● Dataset content:

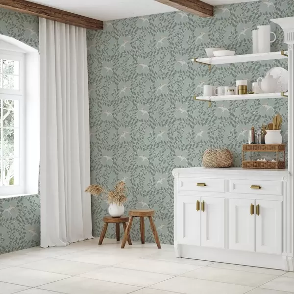 Tapetai Šakos su baltomis uogomis ir paukščiais ant žalios fono Nr. a00731
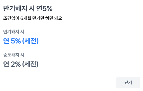 가장 핵심은 조건없이 연 5%의 이자가 적용된다는 점(6개원 만기시)
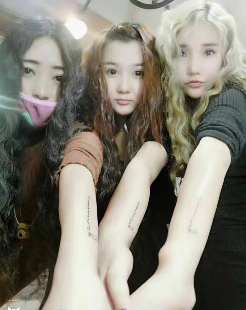 闺蜜小清新纹身图片_成品手臂手部清新字符情侣纹身图案
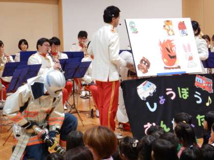 消防音楽隊からは,子どもたちがよく知っているアニメや童謡の曲の演奏がありました。曲に合わせて,子どもたちも歌って一緒に楽しみました。また,パネルシアターで楽しいお話や防火のお話を聞きました。冬は火を使うことが増えるから,絶対子どもだけで火を使わないようにしようね。
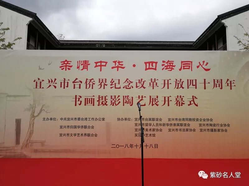 10月18日上午,由中共宜興市委臺(tái)灣工作辦公室、宜興市歸國(guó)華僑聯(lián)合會(huì)、宜興市文學(xué)藝術(shù)界聯(lián)合會(huì)共同主辦的“親情中華.四海同心”宜興市臺(tái)僑界紀(jì)念改革開放四十周年書畫攝影陶藝展在吳冠中藝術(shù)館舉行了開幕儀式。
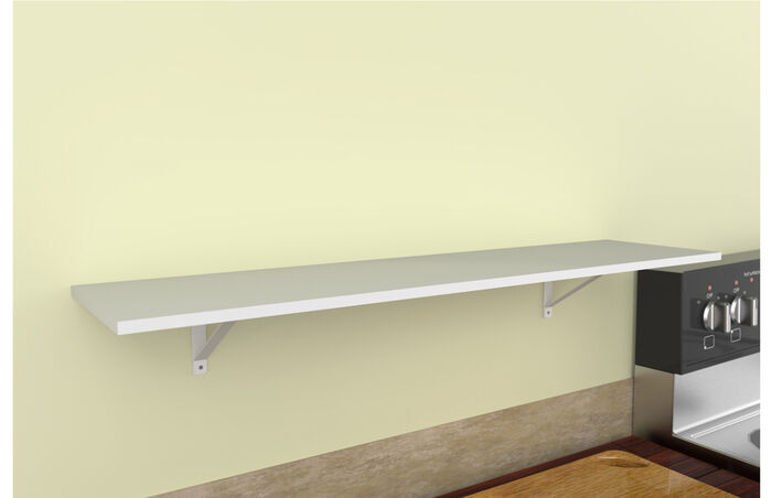 - Kits include white laminate shelf and shelf brackets with installation hardware
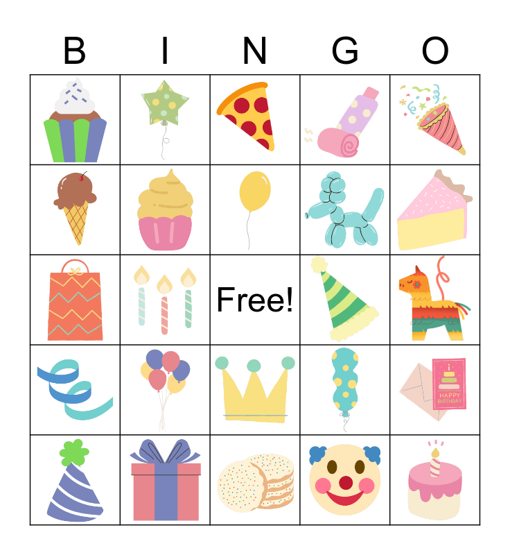 This bingo card has 24 images and a free space.
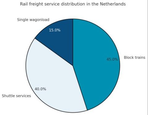 Z dostupných statistik vyplývá, že přeprava JVZ v Nizozemsku dosáhla v roce 2023 objem 6 mil. tun, což představuje podíl 15 % na celkové přepravě železničního carga v zemi. S celkovým objemem nákladní přepravy 39,3 mil. tun zaujímá železnice pouhá 2% přepravního trhu v zemi. Měřeno přepravním výkonem v tkm je podíl železnice na přepravním trhu 6 %.
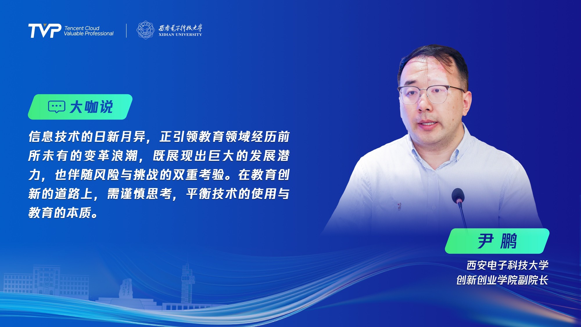 在开场致辞中,西安电子科技大学创新创业学院副院长 尹鹏表示,随着信息技术的飞速发展,数智教育已成为教育领域的关键方向,它不仅改变教育的形态,更深刻影响教育的内涵和外延。伴随人工智能、大数据、云计算等技术的进步,教育领域正经历前所未有的变革。他指出技术双刃剑特性,如数据隐私、信息过载和对传统教育模式的冲击,因此需谨慎平衡技术创新与教育本质。
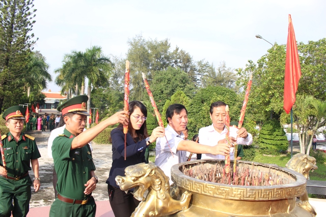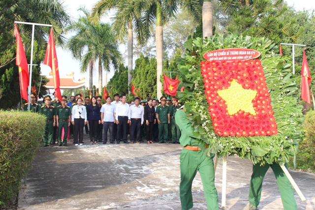 Cán bộ, chiến sĩ Trung đoàn 271 dâng hương tại tượng đài Nghĩa trang liệt sĩ huyện Đức Hòa
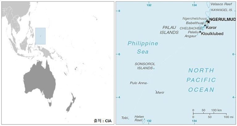 Area |459㎢, located in the western Pacific Ocean. Although Palau consists of 343 islands, only 9 are inhabited.
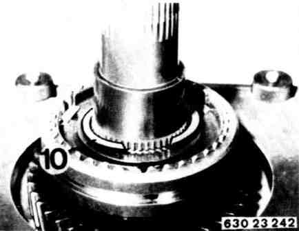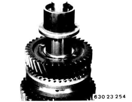 NOTE: Since 5.85: Stepped end of operating sleeve must face the first gear wheel.
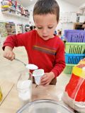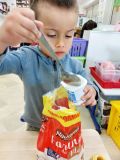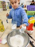 Nous avons préparé un gâteau au yahourt et aux pommes tous ensemble. Chacun a mis la main à la pâte !🎂🎂🍎🍎
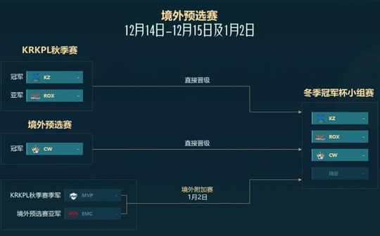 其次,在韩国KPL赛区中,KZ与ROX这两支秋季赛的冠亚军队伍也是直接可以进入到KPL冬季冠军杯的小组赛中。然后,境外预选赛冠军CW战队也是直接晋级。而最后一个名额则是要从韩国KPL秋季赛季军MVP战队与境外预选赛亚军EMC战队之间产生。
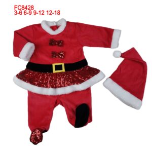 Tutina natalizia due pezzi, in ciniglia per neonata con cappello in coordinato.
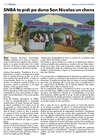 Errol de Freitas, Secretario di SNBA, ta trece cos bon pa San Nicolas. Cu construcción di tur hotel
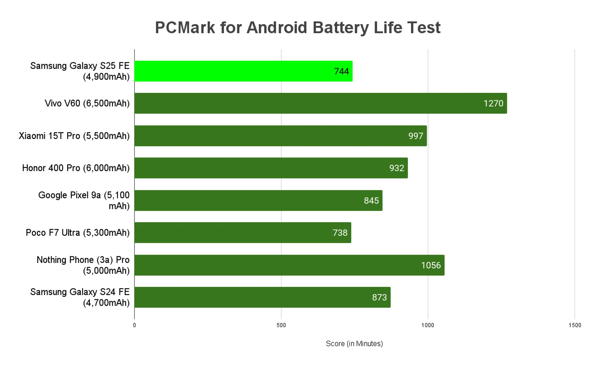 The Samsung Galaxy S25 FE’s 4,900mAh battery managed nearly 12.5 hours of uptime on our standardised battery test. It has a good uptime, lasting the better part of the day (with 20% more to spare, per our battery benchmarking parametres). Unfortunately, it was surpassed by other budget flagship contenders with either larger capacities or better power efficiency.

● What to do:
What is needed is every line from the one with "Tutina natalizia due" to the final line of the listing above, set down exactly and with the pictures left out.

● Answer below:
 Tutina natalizia due pezzi, in ciniglia per neonata con cappello in coordinato.
 Errol de Freitas, Secretario di SNBA, ta trece cos bon pa San Nicolas. Cu construcción di tur hotel
 The Samsung Galaxy S25 FE’s 4,900mAh battery managed nearly 12.5 hours of uptime on our standardised battery test. It has a good uptime, lasting the better part of the day (with 20% more to spare, per our battery benchmarking parametres). Unfortunately, it was surpassed by other budget flagship contenders with either larger capacities or better power efficiency.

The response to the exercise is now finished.